System requirements

The system requirements for the Undo Engine are as follows:

  • 64-bit Linux kernel

  • GNU C Library (glibc)

  • GNU POSIX Threads library (libpthread)

The Undo Engine does not require any kernel patches or loaded kernel modules. Most Linux distributions therefore support the Undo Engine without modification. The supported kernel versions are those shipped with the supported distributions listed below.

Furthermore, there is no need to re-build applications; any binary executable can be debugged with the Undo Engine. It is recommended to build executables with debug information, typically by passing the -g option to the compiler, since this allows the debugger to extract more information about the state of the process.

Linux distributions

The Undo Engine is supported on the following Linux distributions:

  • Red Hat Enterprise Linux (and CentOS where applicable) 7.9, 8.6, 8.8, 9.0 1, 9.2 1.

  • Fedora 37 1, 38 1.

  • SUSE Linux Enterprise Server 12 SP5 (12.5), 15 SP4 (15.4), 15 SP5 (15.5).

  • Ubuntu 20.04 LTS, 22.04 1 LTS, 23.04 1.

It will run on most other reasonably modern Linux distributions and versions.

Architectures

The Undo Engine is supported on the following CPU architectures:

  • 32-bit and 64-bit processes running on x86-64

Support for ARMv8 architectures is currently available only to selected customers. Contact Undo Support for more information.

GDB

UDB depends on GDB (currently GDB 13.2) which is supplied as part of the release.

Other operating systems

At this time the Undo Engine does not support non-Linux operating systems such as Windows or macOS. Contact Undo Support if you’re interested in support for a non-Linux operating system.

RAM usage

The main memory requirements for the Undo Engine come from snapshots and the event log.

Regarding snapshots, the Undo Engine normally stores about 30 of these by default, but they’re forked from the original process using copy-on-write so they’re created efficiently. In a short run of the program, these snapshots will be spaced closely together, while in a longer run, they will be spaced further apart. So, the memory consumption for snapshots remains fairly independent of the run time, but reverse-execution commands such as reverse-next and reverse-continue run much faster when there is a snapshot available more recently in the program history. In other words, longer runs affect replay performance rather than snapshot memory utilization.
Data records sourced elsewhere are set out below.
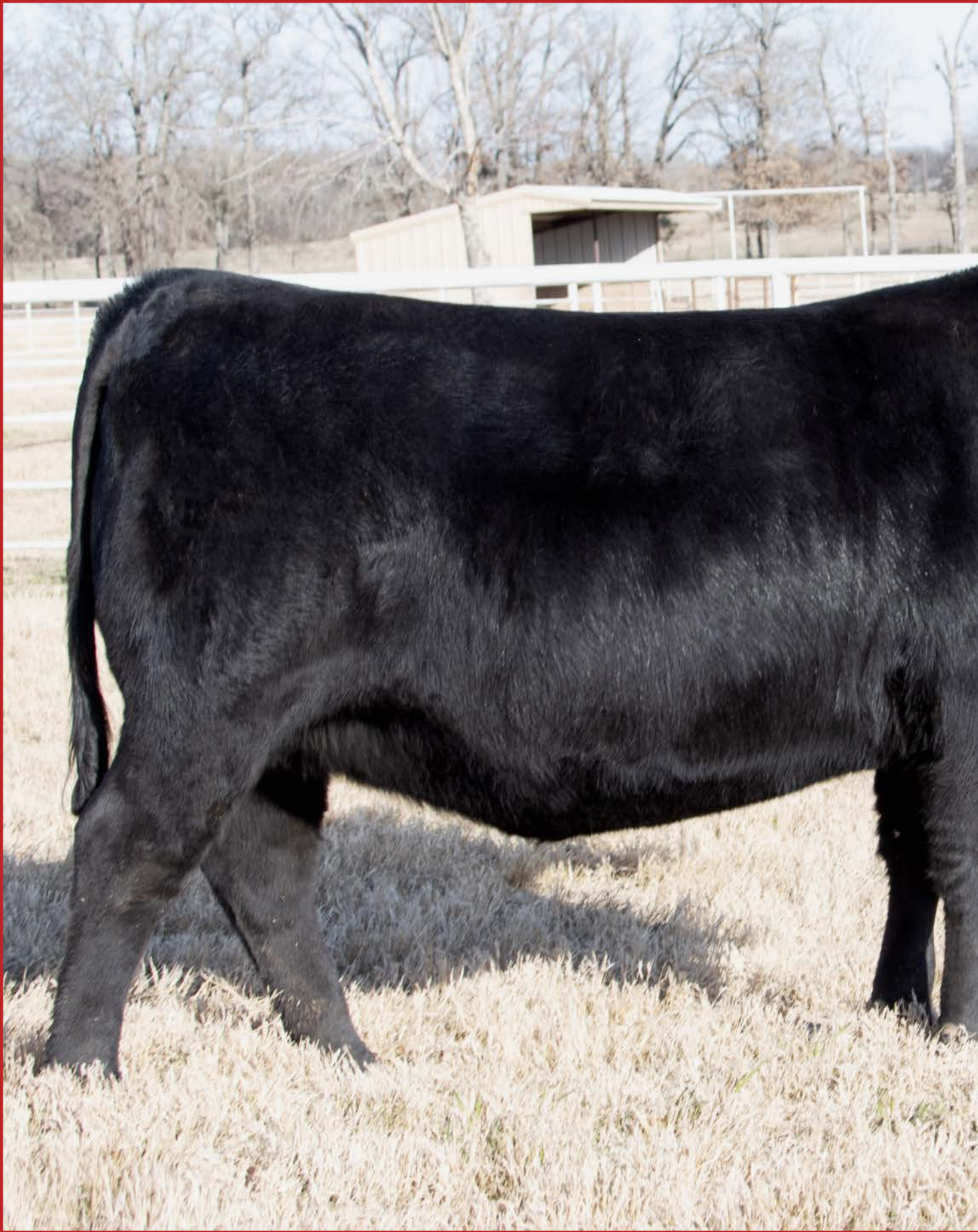
Gabriel Erica 4503 - Dam of Lots 4A-4C Embryos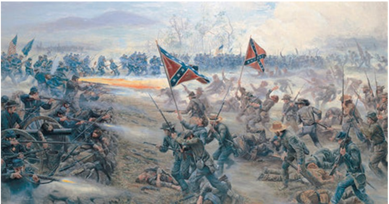
The High Water Mark was meticulously researched for historical accuracy. The painting was unveiled at the Gettysburg National Military Park Museum on July 2, 1988 in celebration of the 125th anniversary of the battle.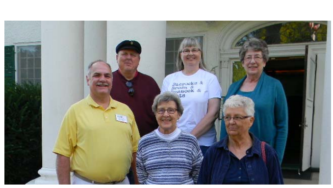
Ethnic Festival at Arbor Lodge 2015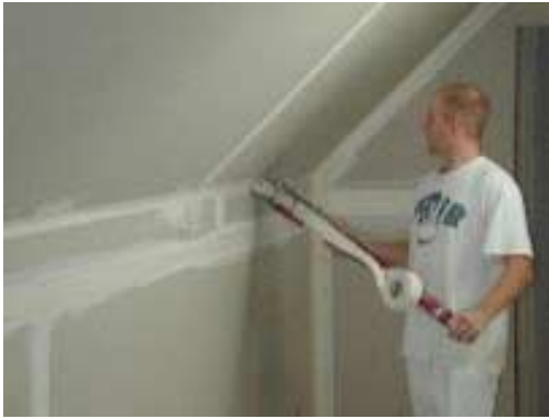
Figure 8a. Bazooka use.

Figures 8a, 8b, 8c, 8d show several different finisher tasks/tools. Rotating between tasks/tools with different risk factors can reduce risk of injury.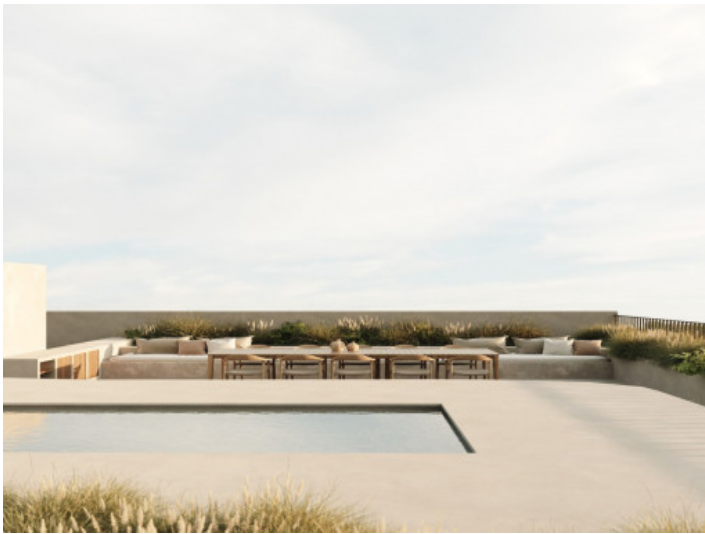
Beautiful Pool in the patio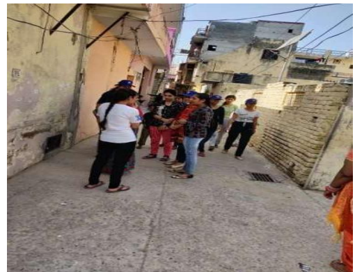
Visit to Khuddda Jassu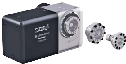
EA-507 with CAPTO retrofit kit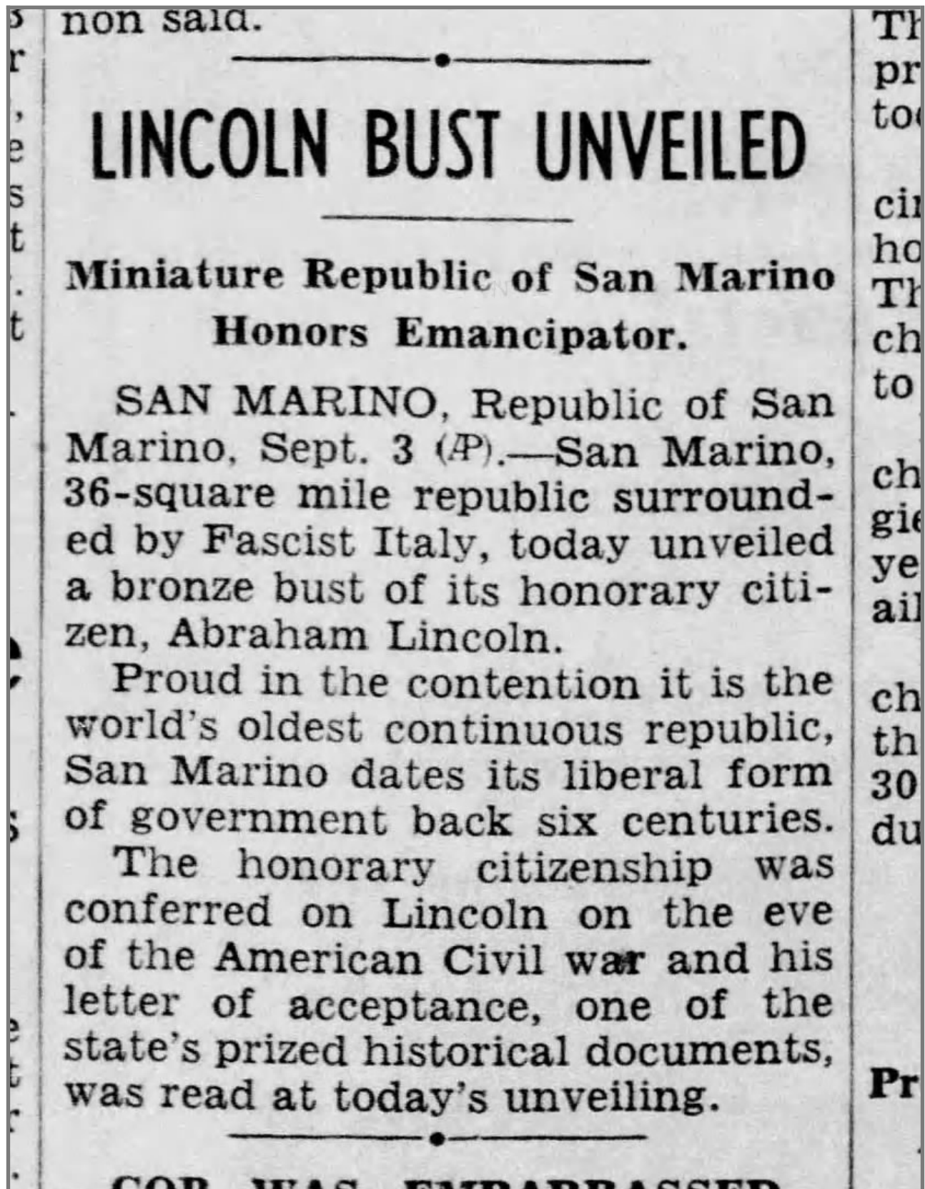
Lincoln bust unveiled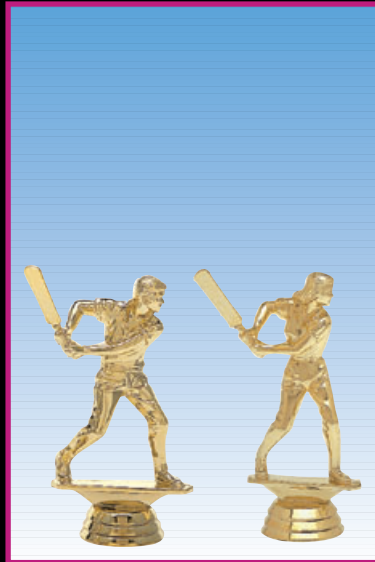
4012-G INDOOR CRICKET, M 4 1/2" (100-O-9)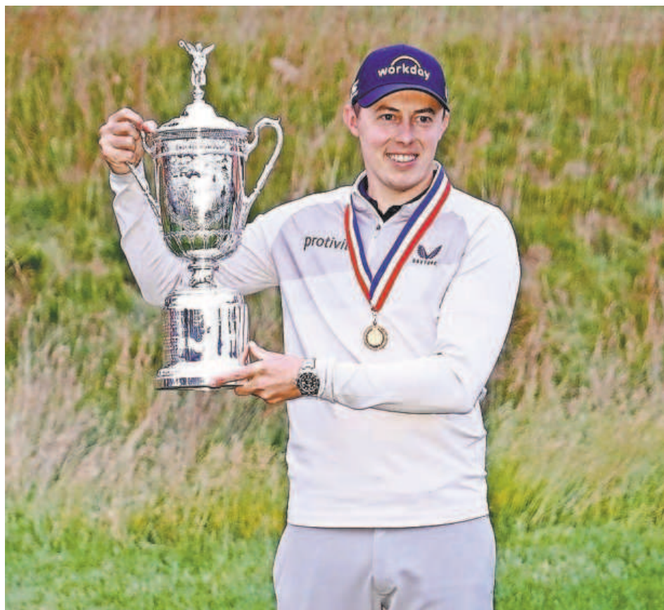
With his victory in the U.S. Open, Englishman Matt Fitzpatrick has risen from No. 18 to No. 10 in the Official World Golf Ranking.

On demanding golf courses like Southern Hills last month during the PGA Championship and this past week at The Country Club, which featured thick rough and fescue along the fairways, he ranked fifth in driving accuracy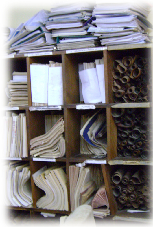
Figure 92: Physical well logs stored in an oil company's offices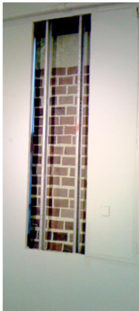
Lisa Sigal, Two Shades , 2007. Mixed media, 118×27 in. Courtesy Frederieke Taylor/Lisa Sigal, The Brick Piece , 2007. Mixed media, 102 × 54 × 16 in. Courtesy Frederieke Taylor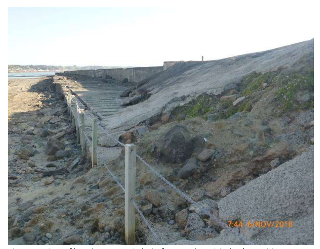
Figure 7: View of breakwater and chain fence at low tide, harbour side.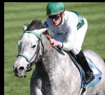
Champion FOREVER TOGETHER wins the G2 Jenny Wiley Stakes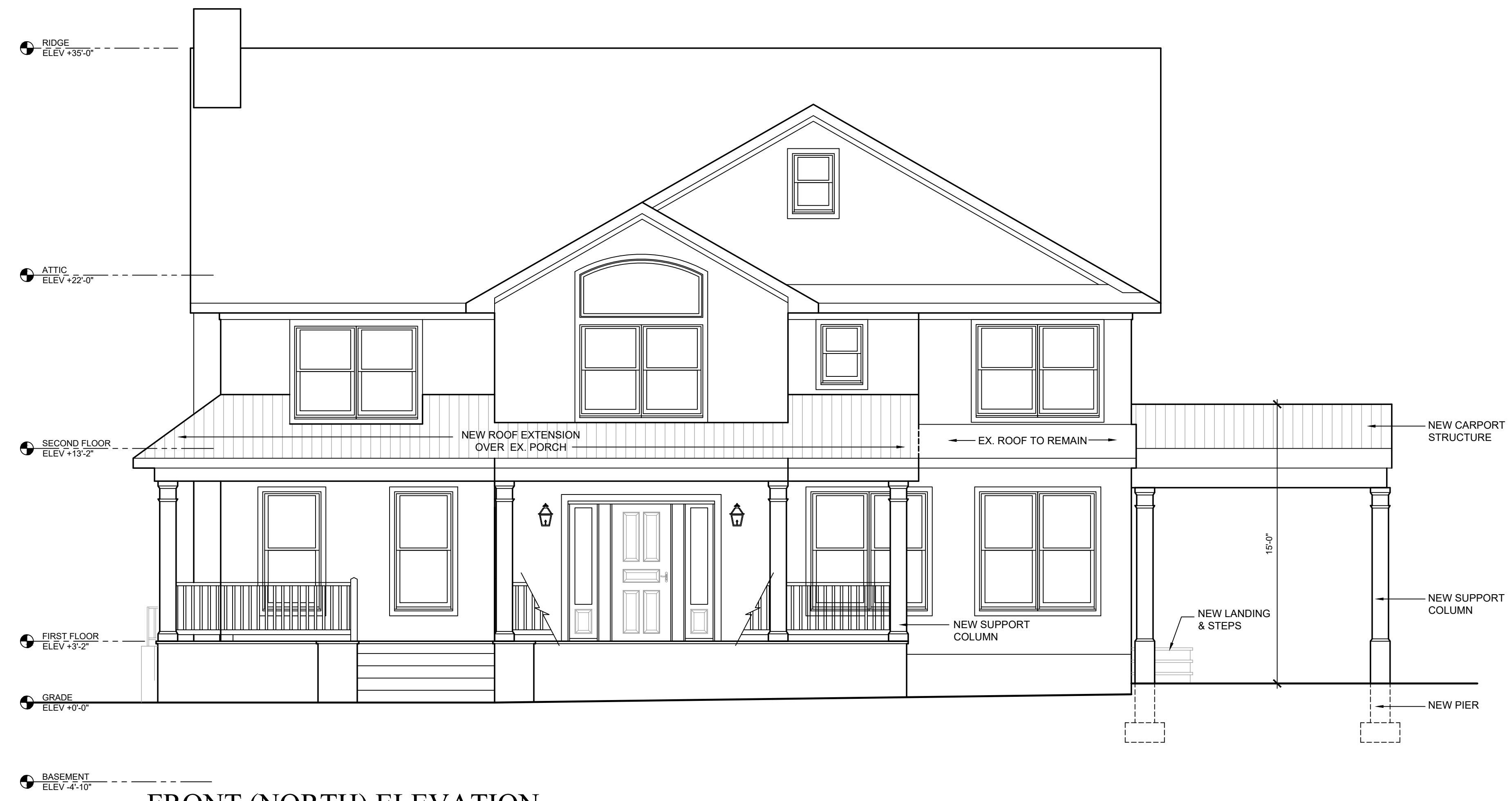
FRONT (NORTH) ELEVATION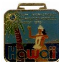
June 23-26, 1976 59th AC Honolulu, HI.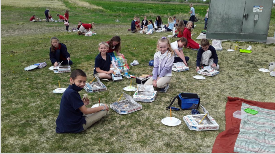
Third Grade Solar Oven Picnic!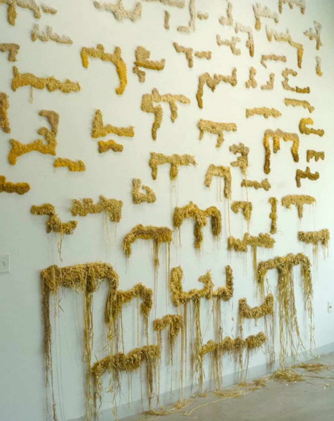
Mending Moss, 2019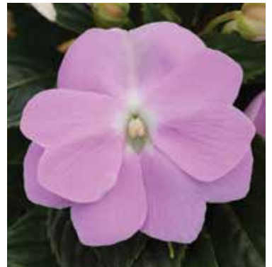
NEW ColorPower Orchid New Guinea Impatiens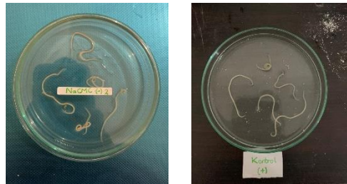
(Kontrol negative dan Kontrol positif)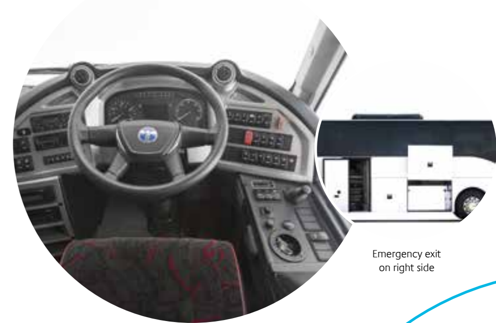
Ergonomic driver's area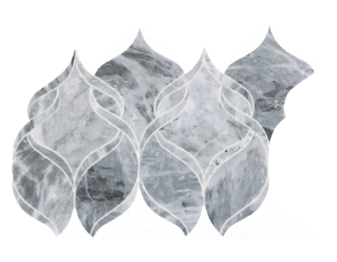
CS-Deep Blue Honed Ribbon Mesh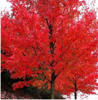
Autumn Blaze Maple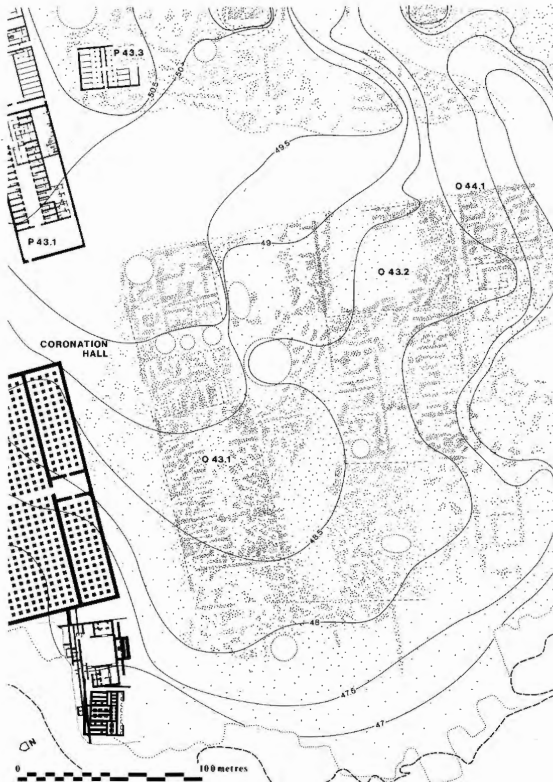
Figure 5.1. Sample area of Survey Sheet no. 6.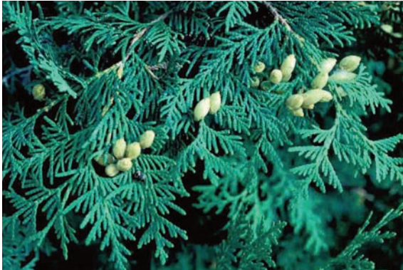
'Emerald' Eastern arborvitae

This needle-like evergreen is the most common hedge or screen plant in the Pacific Northwest and Midwest. It is known for its beautiful emerald green color and tight, upright growth habit. Because it lacks heat tolerance, it is a better choice in northwest Arkansas than in central and south Arkansas. Eastern arborvitae is more tolerant of shade than many other needle-like evergreens.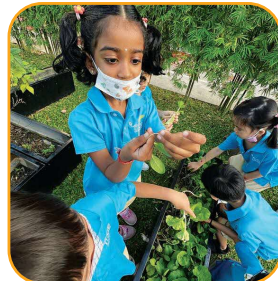
Children working in groups to harvest the vegetables from their garden as they learn about edible plants and parts of the bai cai

Our MK environment is, indeed, the third teacher of our children!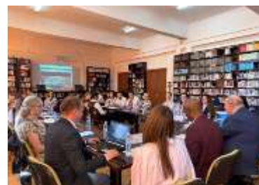
On 5 July, UNHCR took part in the 13 th Summer School on Refugee Protection and Rights, hosted by “Dunărea de Jos” University in Galați.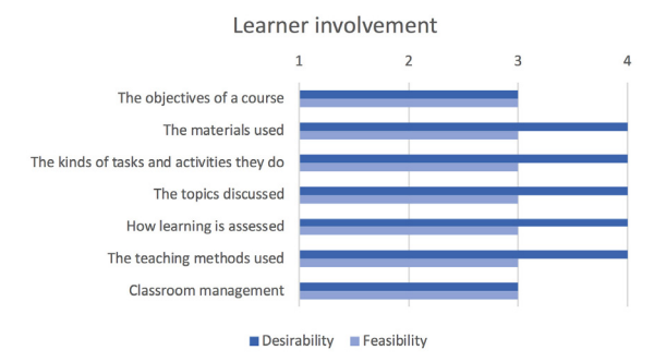
Figure 2. Desirability and feasibility of learner involvement as viewed by liberal arts students (1=Undesirable/Unfeasible; 4=Very Desirable/Feasible)

The next part of the questionnaire asks the students about their views on the desirability and feasibility of various learner involvement and learner abilities. The respondents are positive about their views on the desirability and feasibility of learning-to-learn skills and of their involvement in decision-making. Figures 2, 3, 4, and 5 show the desirability and feasibility of certain aspects of learner autonomy as viewed by the LA and the NS students.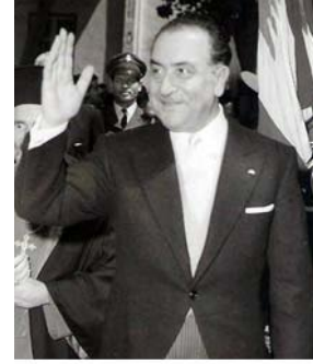
General Fuad Shihab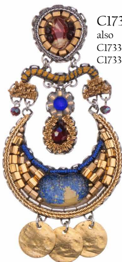
C1733 also C1733C C1733H

Regarding the event log, its available space is consumed at a rate that corresponds to the volume of non-deterministic event behaviour. In programs that spend most of their time waiting for something to happen, the memory usage will be low. It’s true that in more non-deterministic applications (for example, those that perform lots of I/O operations) the memory that was allocated to store the event log will sometimes fill up. The size of this memory region is configurable at startup using the --max-event-log-size command-line option, or interactively using the set max-event-log-size command.

Disk usage

During normal operation of LiveRecorder, no information is written to disk: all information is stored in memory. When a recording is saved by LiveRecorder, the in-memory representation of the recorded process is synchronously written to disk as a recording file.

The size of this recording file is determined by various factors. Most notably, the amount of non-deterministic data generated by the process and the size of the process’ memory image. Recording files are compressed, so the size of the recording file is often less than the combined sizes of the memory image and non-deterministic event log.

1(1,2,3,4,5,6)

See limitation regarding Restartable Sequences when attaching to a running program.